- _AVAILABLE DATA_
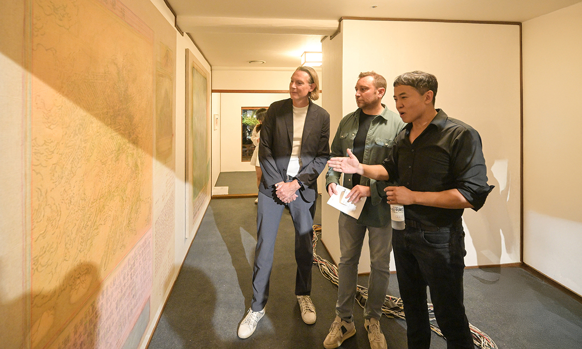 지난 4일 오후 서울 종로구 휘겸재에서 열린 ‘삼청 나이트 네트워킹 파티’에서 국내외 미술계 관계자들이 전시를 관람하고 있다. 예술경영지원센터 제공 아울러 다양한 층의 관람객이 함께 미술을 즐길 수 있는 자리도 다채롭게 마련됐다. 지난 4일 서울 종로구 북촌 휘겸재에서 열린 ‘삼청 나이트 네트워킹 파티’가 대표적이다. 외국인 관광객이 붐비는 한옥에서 현대미술을 감상하는 이색적인 경험에 관람객들 반응이 좋았다. 가족과 함께 온 한 관람객은 “밤에 볼 수 있는 한옥만의 특유한 분위기가 있는데 현대미술과 잘 어우러져 특별한 느낌을 받았다”고 말했다. 휘겸재에서는 지난 3월 아트바젤 홍콩에서 신진 작가상을 수상한 신민 등 한국 신진작가 10인의 작품으로 구성된 2025 우수 전속작가 기획전 ‘다이얼로그: 수신 미확인’도 15일까지 연다. 지난해부터 문체부와 예술경영지원센터(예경)의 전속작가제 지원으로 여러 아트페어에 참가한 신민 작가는 “전속작가제 같은 국내 지원과 더불어 해외 전시, 레지던시와 연결될 수 있는 지원이 확대되면 청년 작가들이 더 넓은 장에서 경쟁력을 쌓을 수 있을 것”이라고 말했다. 전속작가제는 문체부와 예경이 2019년부터 젊은 미술작가들의 안정적인 활동 기반 구축을 위해 작가와 전속계약을 맞은 화랑 등을 지원하는 사업이다.
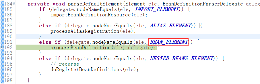 parseDefaultElement(分析每一个Bean元素)
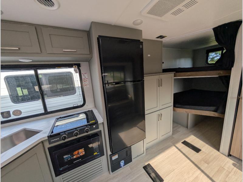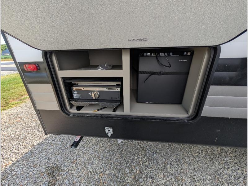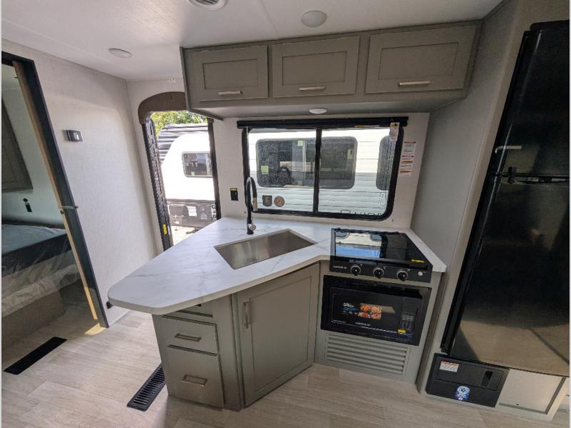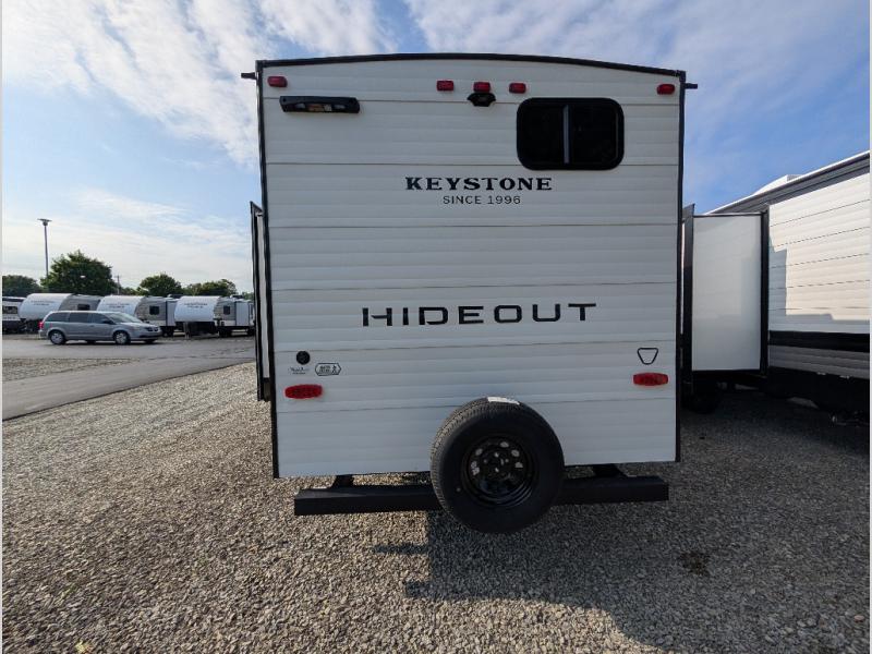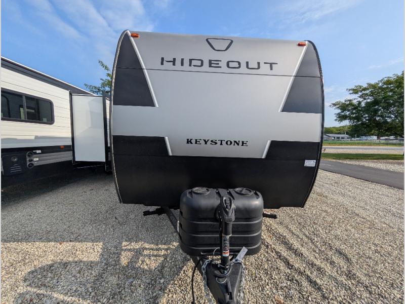 With any Hideout Sport travel trailer by Keystone you will enjoy simplified camping solutions that won't break the bank! Each model is constructed with a durable AlphaPly TPO roof membrane tinted safety glass windows, and an I-beam frame. There are power tongue jacks and heavy duty stabilizer jacks that will make it easier than ever to hitch up and go. An XL entry assist handle will also provide convenience, along with a power awning that will provide much wanted shade during the day. You will feel right at home with stylish decor, blackout night shades, and cozy bed with storage underneath!
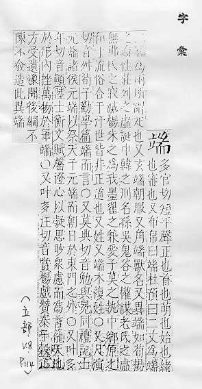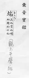 正,不歪斜:~正(a.事物不歪斜;b.正派,正确;c.使端正)。~丽。~然。~庄。~秀。~静。~坐。 正派,正直:~方。~直。~重(zhòng )。品行不~。 事物的一头:~的(dì)(a.事情的经过,底细;b.的确,果然;c.究竟。均亦称“端底”)。~倪。~详。事~。争~。 用手很平正地拿:~盆。~碗。~茶。把问题~出来说清楚。 姓。
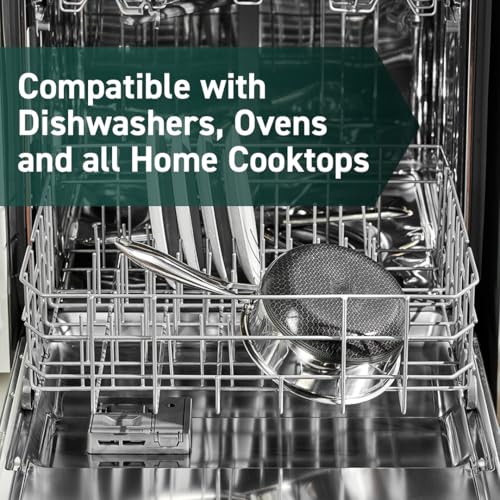 Patented hybrid technology utilises ‘tri-ply construction’ – aluminum between two layers of stainless-steel, laser-etched with our hexagonal ridges featuring a protected nonstick surface in the valleys to deliver the searing power of stainless steel, the durability of cast-iron and convenience of nonstick.
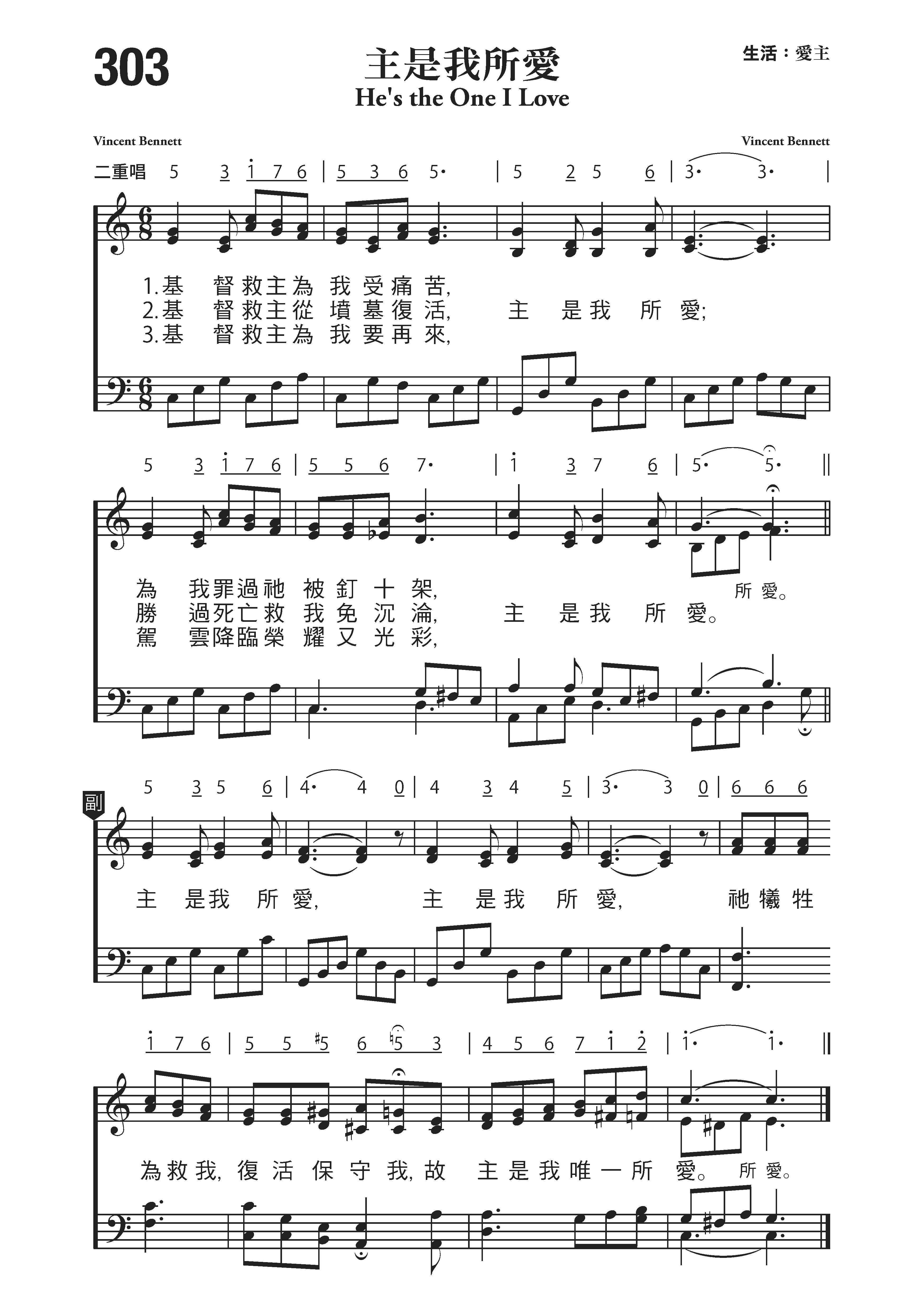 发布时间:2019-10-17 浏览: 次 编辑:admin 伴奏 示唱 第303首 主是我所爱 He’s the One I Love 文森特.贝内特(Vincent Bennet,生平不详)作词作曲
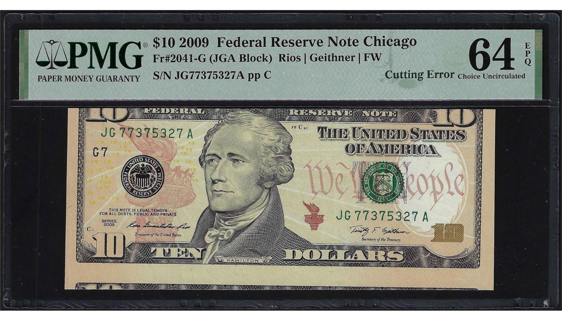 2009 $10 Federal Reserve Cutting Error Note Fr.2041-G PMG Choice Uncirculated 64EPQ
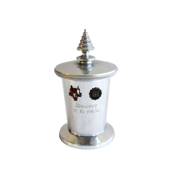Urna z ziemią z pod Lenino i miniaturami odznak ZBoWiD oraz Huta Lenina, 12.10.1967.
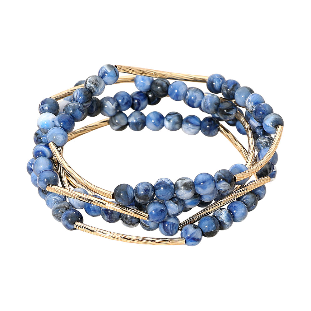 5PCS -Round Ball Curved Textured Bar Beaded Stretch Multi Layered Bracelets

- _EXERCISE REQUIREMENTS_
Print the data above verbatim from the first line through the line holding "parseDefaultElement(分析每一个Bean元素)", leaving every picture out.

- _ANSWER TO THE PROBLEM_
 지난 4일 오후 서울 종로구 휘겸재에서 열린 ‘삼청 나이트 네트워킹 파티’에서 국내외 미술계 관계자들이 전시를 관람하고 있다. 예술경영지원센터 제공 아울러 다양한 층의 관람객이 함께 미술을 즐길 수 있는 자리도 다채롭게 마련됐다. 지난 4일 서울 종로구 북촌 휘겸재에서 열린 ‘삼청 나이트 네트워킹 파티’가 대표적이다. 외국인 관광객이 붐비는 한옥에서 현대미술을 감상하는 이색적인 경험에 관람객들 반응이 좋았다. 가족과 함께 온 한 관람객은 “밤에 볼 수 있는 한옥만의 특유한 분위기가 있는데 현대미술과 잘 어우러져 특별한 느낌을 받았다”고 말했다. 휘겸재에서는 지난 3월 아트바젤 홍콩에서 신진 작가상을 수상한 신민 등 한국 신진작가 10인의 작품으로 구성된 2025 우수 전속작가 기획전 ‘다이얼로그: 수신 미확인’도 15일까지 연다. 지난해부터 문체부와 예술경영지원센터(예경)의 전속작가제 지원으로 여러 아트페어에 참가한 신민 작가는 “전속작가제 같은 국내 지원과 더불어 해외 전시, 레지던시와 연결될 수 있는 지원이 확대되면 청년 작가들이 더 넓은 장에서 경쟁력을 쌓을 수 있을 것”이라고 말했다. 전속작가제는 문체부와 예경이 2019년부터 젊은 미술작가들의 안정적인 활동 기반 구축을 위해 작가와 전속계약을 맞은 화랑 등을 지원하는 사업이다.
 parseDefaultElement(分析每一个Bean元素)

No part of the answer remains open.